§ **DATA**:
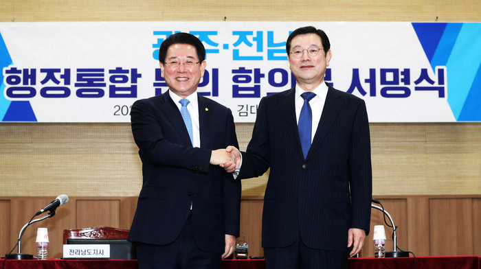 전남도와 광주시의 행정통합 논의가 양측 수장들의 합의문에 서명하면서 본 궤도에 올랐다.
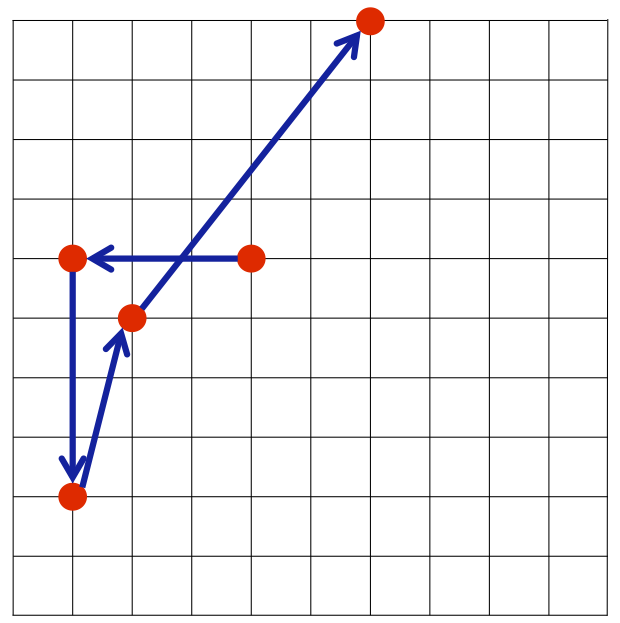 - 高桥君的程序得到的路径为 $(4,6) \to (1,6) \to (1,2) \to (2,5) \to (6,10)$,路径长度约为 $16.565$。
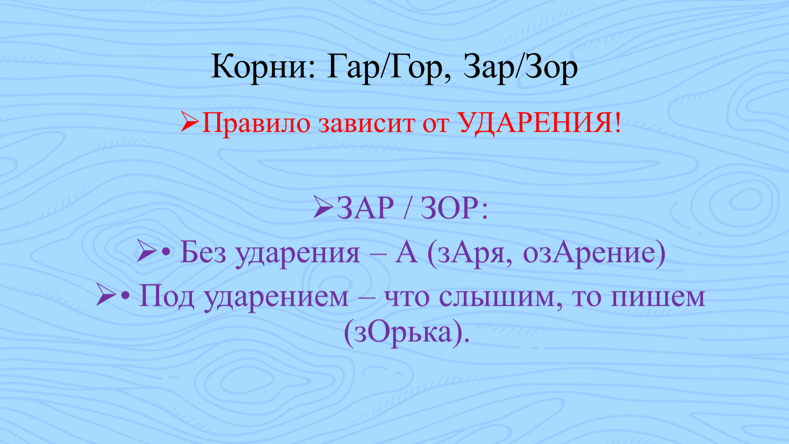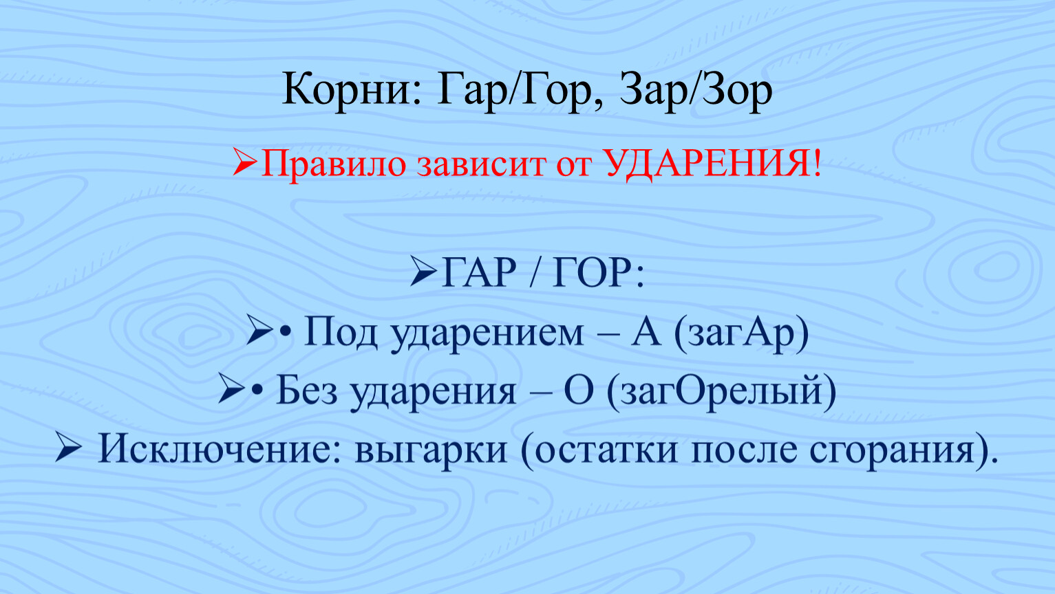 3. Разберем «вечные» ошибки в корнях (гар/гор, зар/зор).
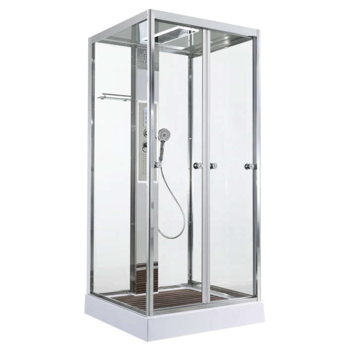 | Оснащение | душевой гарнитур, полки, сифон, деревянная вставка в поддон, арома-лейка с витамином С |
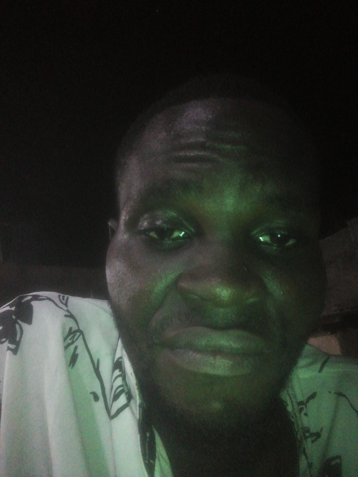 A close-up selfie shows a dark-skinned man in dim lighting. He has a shaved head and dark eyes. He is wearing a white shirt with black floral designs. The background is dark. No specific details indicβ¦read more
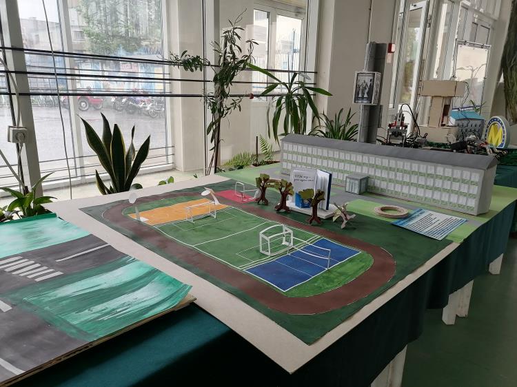 На выставке, оформленной на проходной градообразующего предприятия, представлены дизайны фасадов зданий структурных подразделений, макет обновленной территории государственной школы Омутнинска, роботы и проект цифровизации гидравлического пресса.
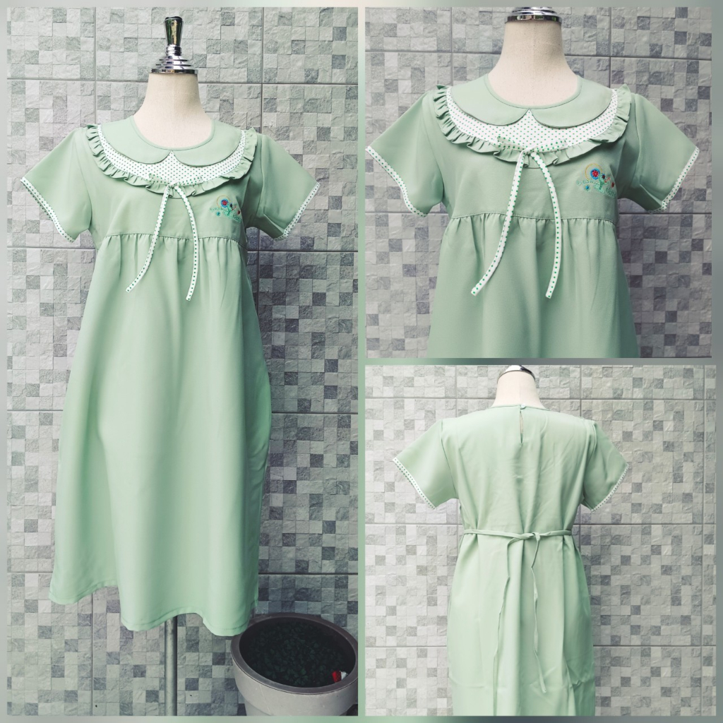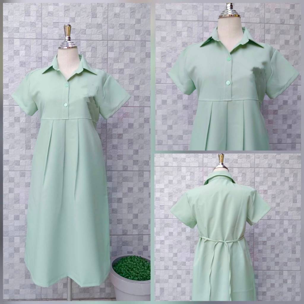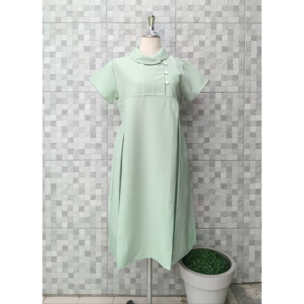 งานใหม่ ผ้าเนื้อดีมากๆ ชุดคลุมท้อง สีเขียวพาสเทล เหมาะสำหรับใส่ทำงาน ใส่ไปหาหมอ น่ารัก

§ **AIM OF THE EXERCISE**:
Each line from the one containing "витамином С |" through the last line of the data should be written out exactly. Skip the pictures, and add no other lines.

§ **SOLUTION TO THE PROBLEM**:
 | Оснащение | душевой гарнитур, полки, сифон, деревянная вставка в поддон, арома-лейка с витамином С |
 A close-up selfie shows a dark-skinned man in dim lighting. He has a shaved head and dark eyes. He is wearing a white shirt with black floral designs. The background is dark. No specific details indicβ¦read more
 На выставке, оформленной на проходной градообразующего предприятия, представлены дизайны фасадов зданий структурных подразделений, макет обновленной территории государственной школы Омутнинска, роботы и проект цифровизации гидравлического пресса.
 งานใหม่ ผ้าเนื้อดีมากๆ ชุดคลุมท้อง สีเขียวพาสเทล เหมาะสำหรับใส่ทำงาน ใส่ไปหาหมอ น่ารัก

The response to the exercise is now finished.